→ **Work task**:
Look through the listing below for the line with "Jumpsuit Army is" and the line with "La BDComédie Angoulême, ZA". Copy both, along with every line between them, exactly and with no pictures.

Segment Start: Provided records

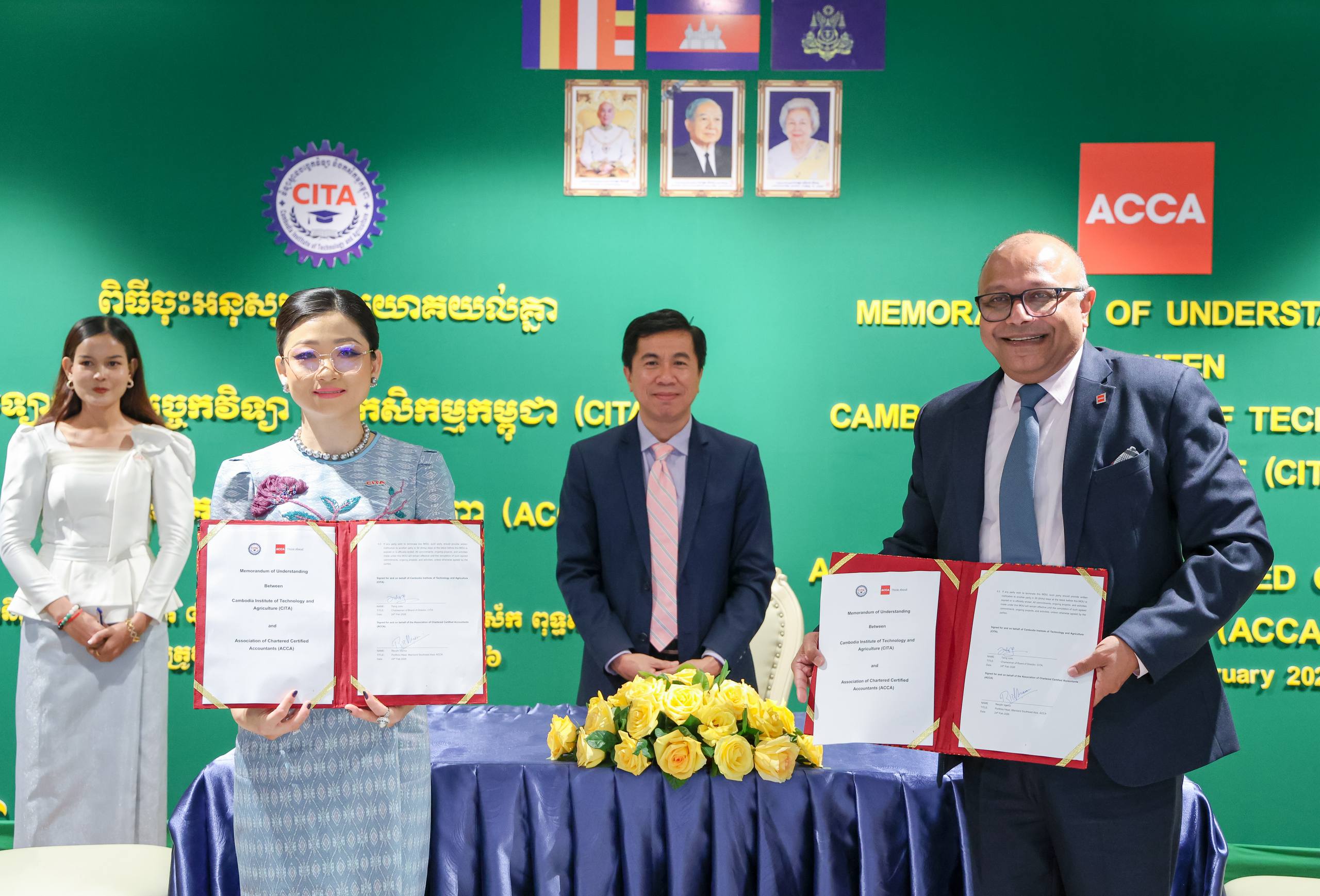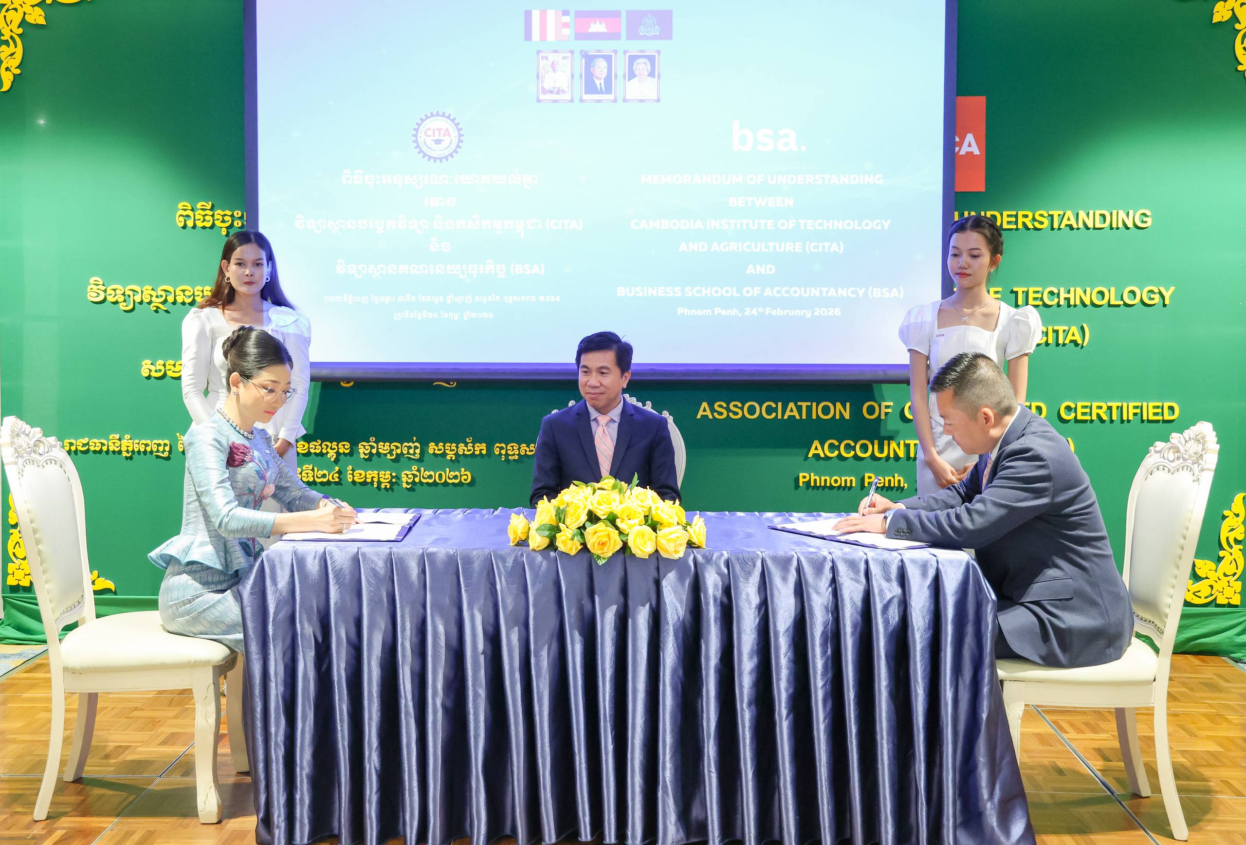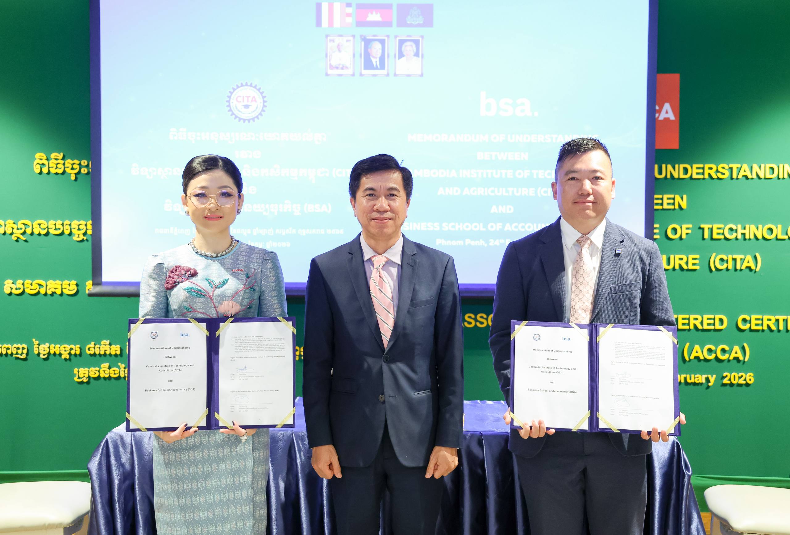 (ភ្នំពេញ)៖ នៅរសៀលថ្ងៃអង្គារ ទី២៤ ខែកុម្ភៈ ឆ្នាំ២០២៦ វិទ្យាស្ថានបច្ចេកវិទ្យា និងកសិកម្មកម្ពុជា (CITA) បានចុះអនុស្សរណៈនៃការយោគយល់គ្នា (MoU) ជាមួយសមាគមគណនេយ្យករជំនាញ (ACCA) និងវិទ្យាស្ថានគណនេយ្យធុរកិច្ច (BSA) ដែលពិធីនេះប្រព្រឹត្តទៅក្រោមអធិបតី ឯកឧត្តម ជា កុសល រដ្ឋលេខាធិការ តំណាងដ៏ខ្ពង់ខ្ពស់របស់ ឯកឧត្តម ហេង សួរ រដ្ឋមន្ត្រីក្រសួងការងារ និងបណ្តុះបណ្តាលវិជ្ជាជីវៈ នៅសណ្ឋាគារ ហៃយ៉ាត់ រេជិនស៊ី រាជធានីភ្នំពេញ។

Segment End: Provided records
Segment Start: Provided records

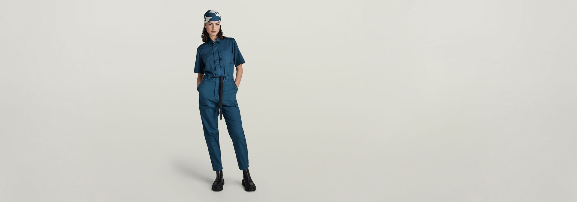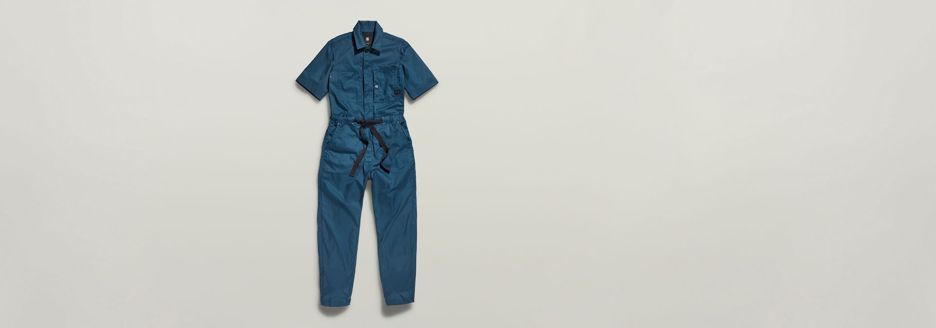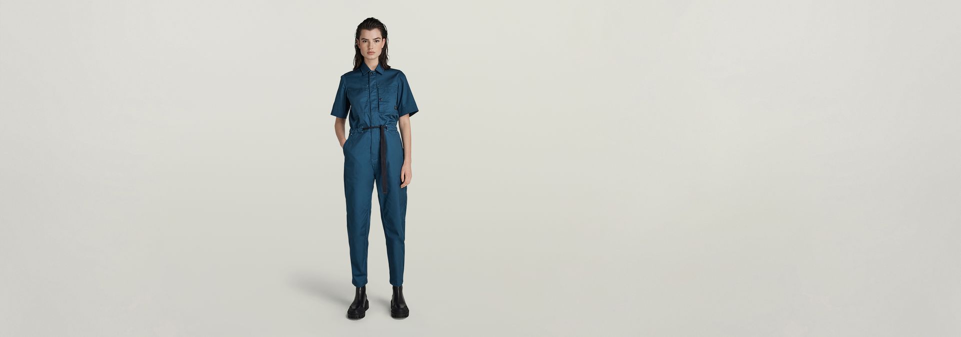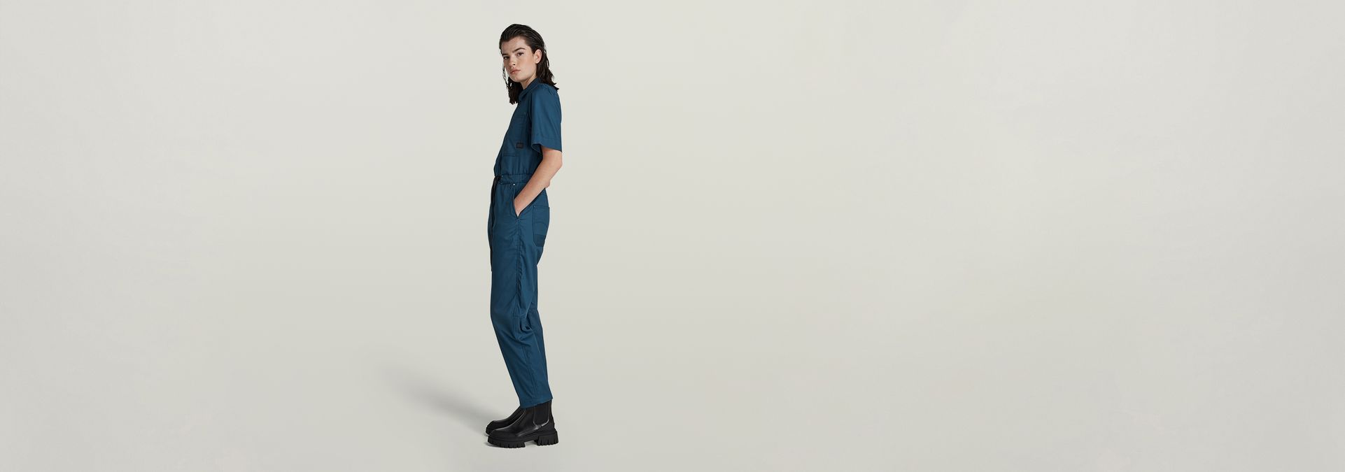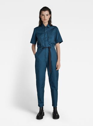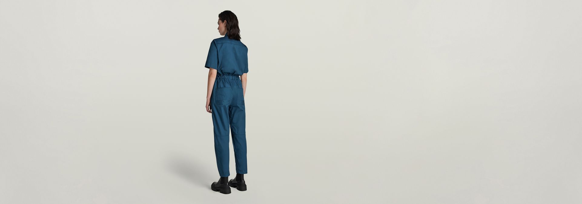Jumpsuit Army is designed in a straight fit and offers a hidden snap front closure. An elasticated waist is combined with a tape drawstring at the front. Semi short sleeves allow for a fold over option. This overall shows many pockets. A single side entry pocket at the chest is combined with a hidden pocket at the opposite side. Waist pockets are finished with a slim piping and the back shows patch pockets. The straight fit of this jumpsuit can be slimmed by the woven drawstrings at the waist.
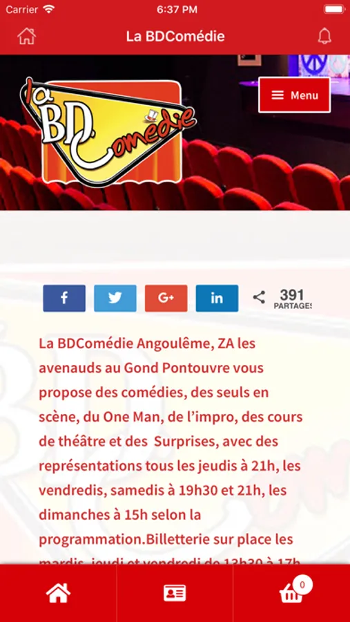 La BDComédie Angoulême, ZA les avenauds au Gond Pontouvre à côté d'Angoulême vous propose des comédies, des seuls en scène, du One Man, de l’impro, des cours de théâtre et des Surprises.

Segment End: Provided records

→ **Task result**:
Jumpsuit Army is designed in a straight fit and offers a hidden snap front closure. An elasticated waist is combined with a tape drawstring at the front. Semi short sleeves allow for a fold over option. This overall shows many pockets. A single side entry pocket at the chest is combined with a hidden pocket at the opposite side. Waist pockets are finished with a slim piping and the back shows patch pockets. The straight fit of this jumpsuit can be slimmed by the woven drawstrings at the waist.
 La BDComédie Angoulême, ZA les avenauds au Gond Pontouvre à côté d'Angoulême vous propose des comédies, des seuls en scène, du One Man, de l’impro, des cours de théâtre et des Surprises.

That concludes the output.